> Exercise instructions
Where the listing shows an image, skip it and output all other material unchanged.

> Data shown
[Start of section]

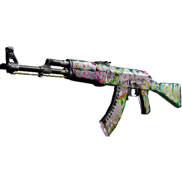 Powerful and reliable, the AK-47 is one of the most popular assault rifles in the world. It is most deadly in short, controlled bursts of fire. It has been custom painted with a “HEAD SHOT GUN” graffiti and finished with pearlescent coating.
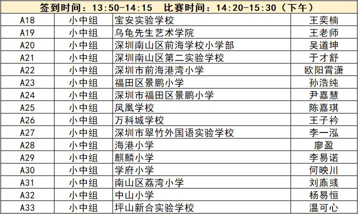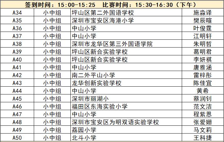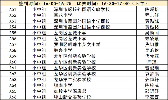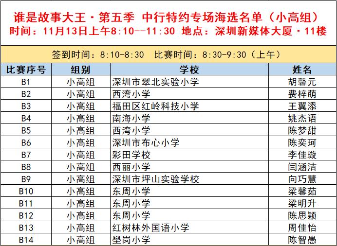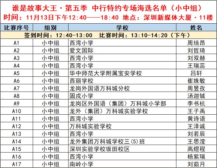“誰(shuí)是故事大王·第五季”分為小中組和小高組,此次中行特約專(zhuān)場(chǎng)海選報(bào)名的學(xué)生將以脫稿的形式,不限主題,在限時(shí)5分鐘內(nèi),講述積極健康向上的故事。評(píng)委老師們將從四個(gè)維度進(jìn)行評(píng)分,其中內(nèi)容占50%、表現(xiàn)技巧占30%、儀態(tài)占10%,以及時(shí)間掌控、創(chuàng)意特色呈現(xiàn)等占10%。最終,本場(chǎng)活動(dòng)將選拔出部分學(xué)生晉級(jí)“誰(shuí)是故事大王·第五季”深圳市復(fù)賽,他們將和來(lái)自指定校園分賽區(qū)、特約專(zhuān)場(chǎng)以及線上分賽區(qū)的選手一起爭(zhēng)奪深圳市決賽名額?,F(xiàn)將上場(chǎng)順序(即所在小組的序號(hào)順序)、名單、簽到時(shí)間、比賽時(shí)間公布如下:
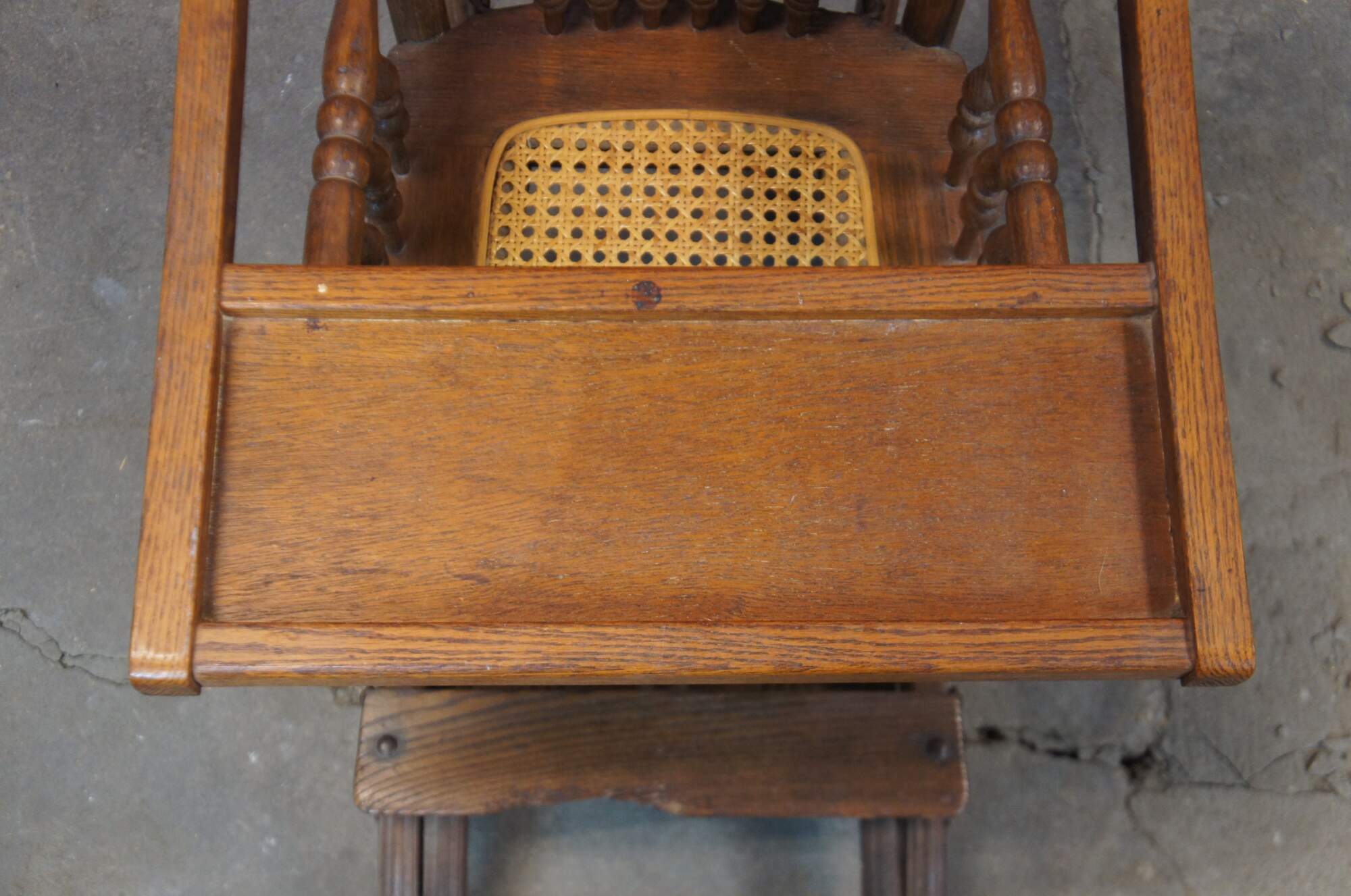 Antique Victorian pressed back oak stroller convertible to a high chair, with metal wheels, cane seat, and flip up tray.
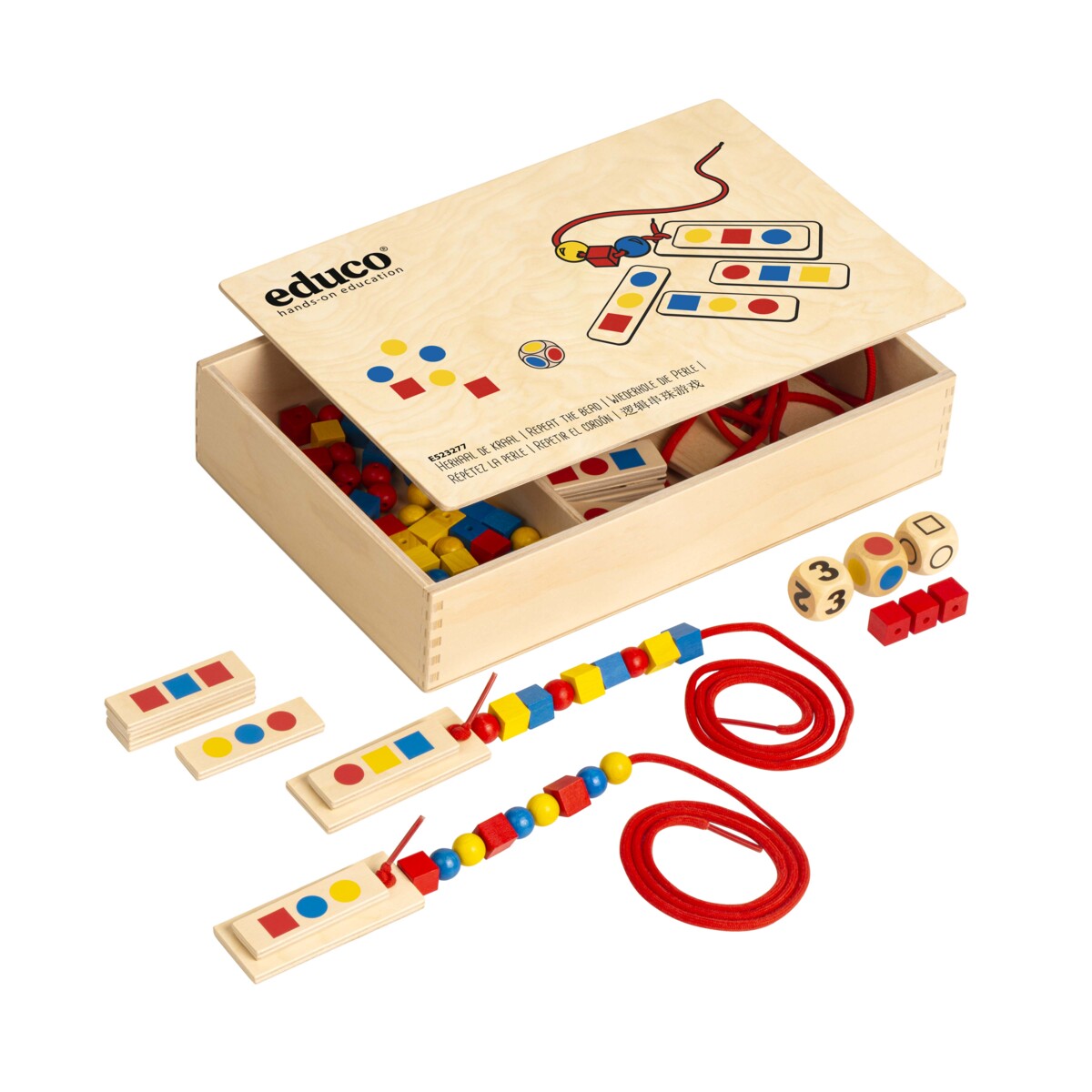 180 plastperler (6 former og 5 farver) sammen med 12 dobbeltsidede aktivitetskort, en kortholder af træ, 4 røde snore og en trækasse til opbevaring. Øv på former, farver, rækkefølge og mønstre. Lav mønstrene som vist på opgavekortene enten ved at bruge stilladset eller den røde snor. De sorte og hvide mønstre lader børnene bruge deres egne farver. Lad børnene også lave deres egne mønstre og øv på at gentage sekvenser. Manual på engelsk inkluderet. Mål på trækassen: 33,5x22,5x7 cm. Fra 3 år.

[End of section]

> Response area
 Powerful and reliable, the AK-47 is one of the most popular assault rifles in the world. It is most deadly in short, controlled bursts of fire. It has been custom painted with a “HEAD SHOT GUN” graffiti and finished with pearlescent coating.
“誰(shuí)是故事大王·第五季”分為小中組和小高組,此次中行特約專(zhuān)場(chǎng)海選報(bào)名的學(xué)生將以脫稿的形式,不限主題,在限時(shí)5分鐘內(nèi),講述積極健康向上的故事。評(píng)委老師們將從四個(gè)維度進(jìn)行評(píng)分,其中內(nèi)容占50%、表現(xiàn)技巧占30%、儀態(tài)占10%,以及時(shí)間掌控、創(chuàng)意特色呈現(xiàn)等占10%。最終,本場(chǎng)活動(dòng)將選拔出部分學(xué)生晉級(jí)“誰(shuí)是故事大王·第五季”深圳市復(fù)賽,他們將和來(lái)自指定校園分賽區(qū)、特約專(zhuān)場(chǎng)以及線上分賽區(qū)的選手一起爭(zhēng)奪深圳市決賽名額?,F(xiàn)將上場(chǎng)順序(即所在小組的序號(hào)順序)、名單、簽到時(shí)間、比賽時(shí)間公布如下:
 Antique Victorian pressed back oak stroller convertible to a high chair, with metal wheels, cane seat, and flip up tray.
 180 plastperler (6 former og 5 farver) sammen med 12 dobbeltsidede aktivitetskort, en kortholder af træ, 4 røde snore og en trækasse til opbevaring. Øv på former, farver, rækkefølge og mønstre. Lav mønstrene som vist på opgavekortene enten ved at bruge stilladset eller den røde snor. De sorte og hvide mønstre lader børnene bruge deres egne farver. Lad børnene også lave deres egne mønstre og øv på at gentage sekvenser. Manual på engelsk inkluderet. Mål på trækassen: 33,5x22,5x7 cm. Fra 3 år.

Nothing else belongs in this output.